[Extracted data entries]

────────────────────────────────────────

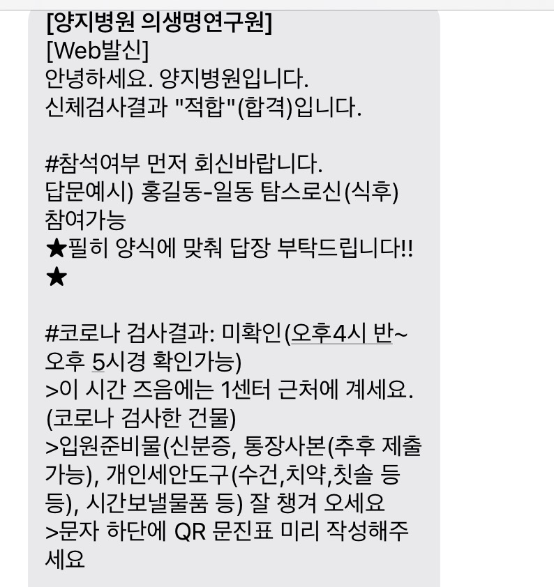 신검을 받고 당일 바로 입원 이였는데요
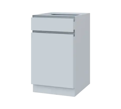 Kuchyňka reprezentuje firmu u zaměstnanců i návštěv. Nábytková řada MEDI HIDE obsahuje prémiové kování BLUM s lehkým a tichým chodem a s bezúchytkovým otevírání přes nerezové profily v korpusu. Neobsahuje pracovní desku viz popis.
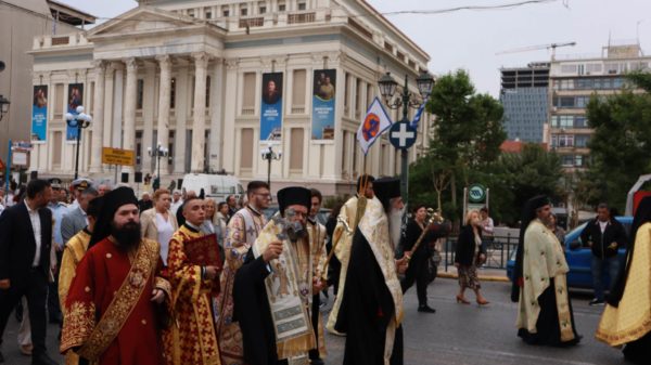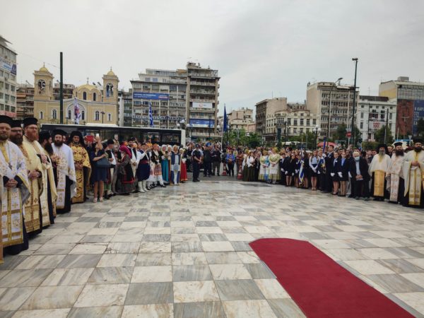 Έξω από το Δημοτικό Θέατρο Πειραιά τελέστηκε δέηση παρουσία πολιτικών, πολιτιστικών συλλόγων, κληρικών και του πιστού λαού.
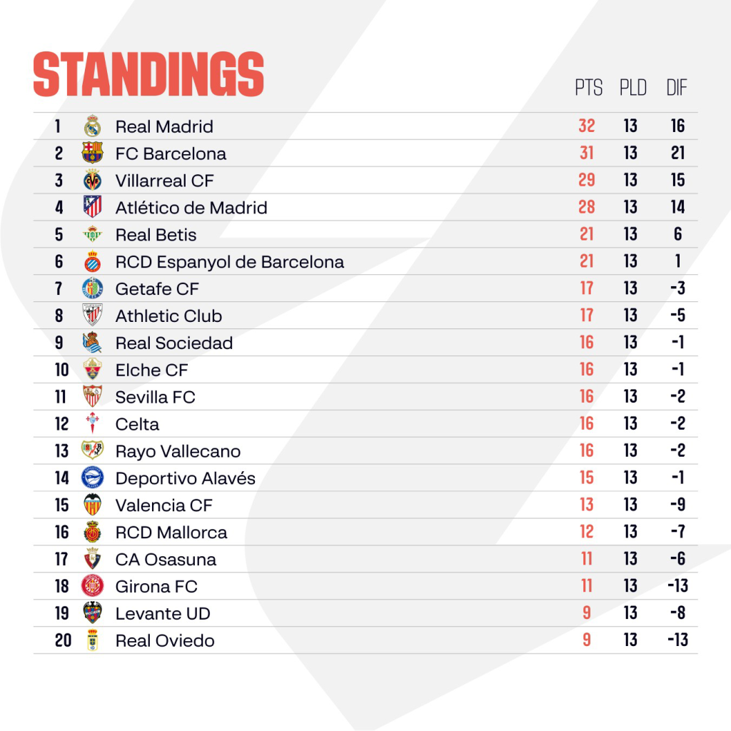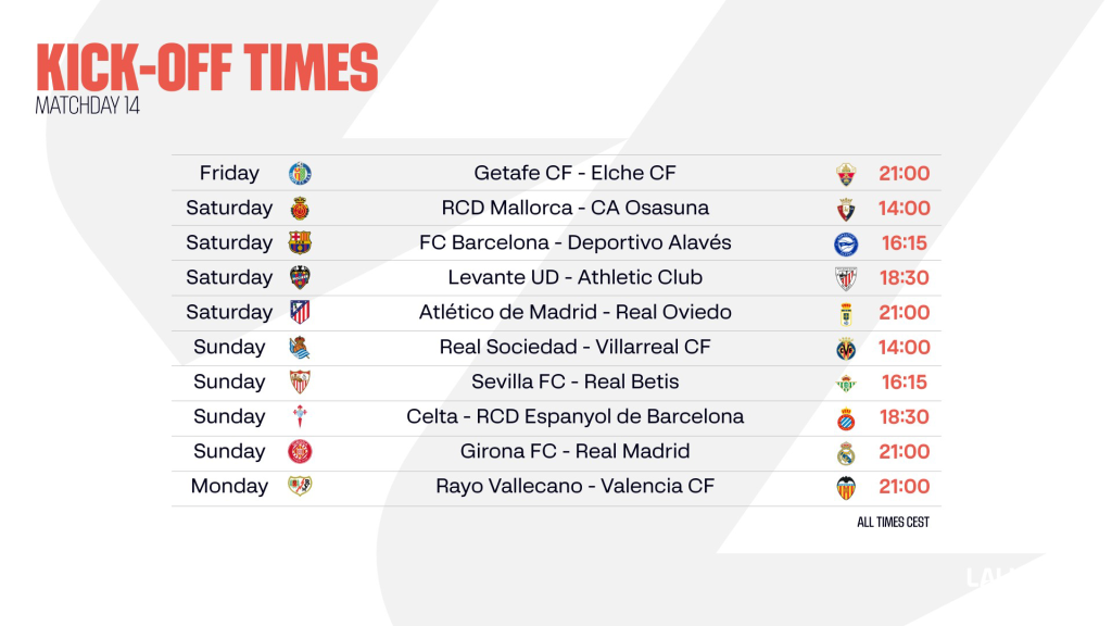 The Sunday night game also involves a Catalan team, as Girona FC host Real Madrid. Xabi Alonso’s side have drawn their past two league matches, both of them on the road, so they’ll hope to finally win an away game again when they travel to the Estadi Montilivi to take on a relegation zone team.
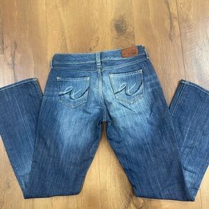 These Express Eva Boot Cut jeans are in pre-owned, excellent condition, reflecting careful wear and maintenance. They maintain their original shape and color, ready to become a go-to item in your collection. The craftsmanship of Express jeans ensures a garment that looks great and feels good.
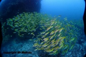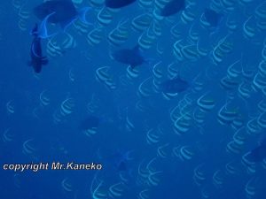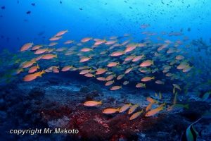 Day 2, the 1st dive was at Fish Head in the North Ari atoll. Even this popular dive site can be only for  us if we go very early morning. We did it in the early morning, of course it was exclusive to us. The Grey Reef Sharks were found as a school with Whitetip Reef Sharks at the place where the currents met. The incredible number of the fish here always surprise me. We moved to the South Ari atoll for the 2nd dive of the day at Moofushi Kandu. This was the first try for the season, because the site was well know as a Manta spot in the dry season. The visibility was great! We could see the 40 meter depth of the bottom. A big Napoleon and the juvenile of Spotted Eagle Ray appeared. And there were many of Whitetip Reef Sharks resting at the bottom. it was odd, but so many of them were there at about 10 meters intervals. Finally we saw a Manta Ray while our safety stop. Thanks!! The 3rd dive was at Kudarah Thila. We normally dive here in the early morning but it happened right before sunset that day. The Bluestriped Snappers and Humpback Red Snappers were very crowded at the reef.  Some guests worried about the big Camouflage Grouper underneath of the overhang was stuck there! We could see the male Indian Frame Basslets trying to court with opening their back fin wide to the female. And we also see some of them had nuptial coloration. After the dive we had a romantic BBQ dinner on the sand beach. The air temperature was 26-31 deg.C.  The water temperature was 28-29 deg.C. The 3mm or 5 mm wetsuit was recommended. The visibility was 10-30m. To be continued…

────────────────────────────────────────

• **EXERCISE BRIEF**: Please give all of the data again, exact and free of pictures.

• **SOLUTION**:
 신검을 받고 당일 바로 입원 이였는데요
 Kuchyňka reprezentuje firmu u zaměstnanců i návštěv. Nábytková řada MEDI HIDE obsahuje prémiové kování BLUM s lehkým a tichým chodem a s bezúchytkovým otevírání přes nerezové profily v korpusu. Neobsahuje pracovní desku viz popis.
 Έξω από το Δημοτικό Θέατρο Πειραιά τελέστηκε δέηση παρουσία πολιτικών, πολιτιστικών συλλόγων, κληρικών και του πιστού λαού.
 The Sunday night game also involves a Catalan team, as Girona FC host Real Madrid. Xabi Alonso’s side have drawn their past two league matches, both of them on the road, so they’ll hope to finally win an away game again when they travel to the Estadi Montilivi to take on a relegation zone team.
 These Express Eva Boot Cut jeans are in pre-owned, excellent condition, reflecting careful wear and maintenance. They maintain their original shape and color, ready to become a go-to item in your collection. The craftsmanship of Express jeans ensures a garment that looks great and feels good.
 Day 2, the 1st dive was at Fish Head in the North Ari atoll. Even this popular dive site can be only for  us if we go very early morning. We did it in the early morning, of course it was exclusive to us. The Grey Reef Sharks were found as a school with Whitetip Reef Sharks at the place where the currents met. The incredible number of the fish here always surprise me. We moved to the South Ari atoll for the 2nd dive of the day at Moofushi Kandu. This was the first try for the season, because the site was well know as a Manta spot in the dry season. The visibility was great! We could see the 40 meter depth of the bottom. A big Napoleon and the juvenile of Spotted Eagle Ray appeared. And there were many of Whitetip Reef Sharks resting at the bottom. it was odd, but so many of them were there at about 10 meters intervals. Finally we saw a Manta Ray while our safety stop. Thanks!! The 3rd dive was at Kudarah Thila. We normally dive here in the early morning but it happened right before sunset that day. The Bluestriped Snappers and Humpback Red Snappers were very crowded at the reef.  Some guests worried about the big Camouflage Grouper underneath of the overhang was stuck there! We could see the male Indian Frame Basslets trying to court with opening their back fin wide to the female. And we also see some of them had nuptial coloration. After the dive we had a romantic BBQ dinner on the sand beach. The air temperature was 26-31 deg.C.  The water temperature was 28-29 deg.C. The 3mm or 5 mm wetsuit was recommended. The visibility was 10-30m. To be continued…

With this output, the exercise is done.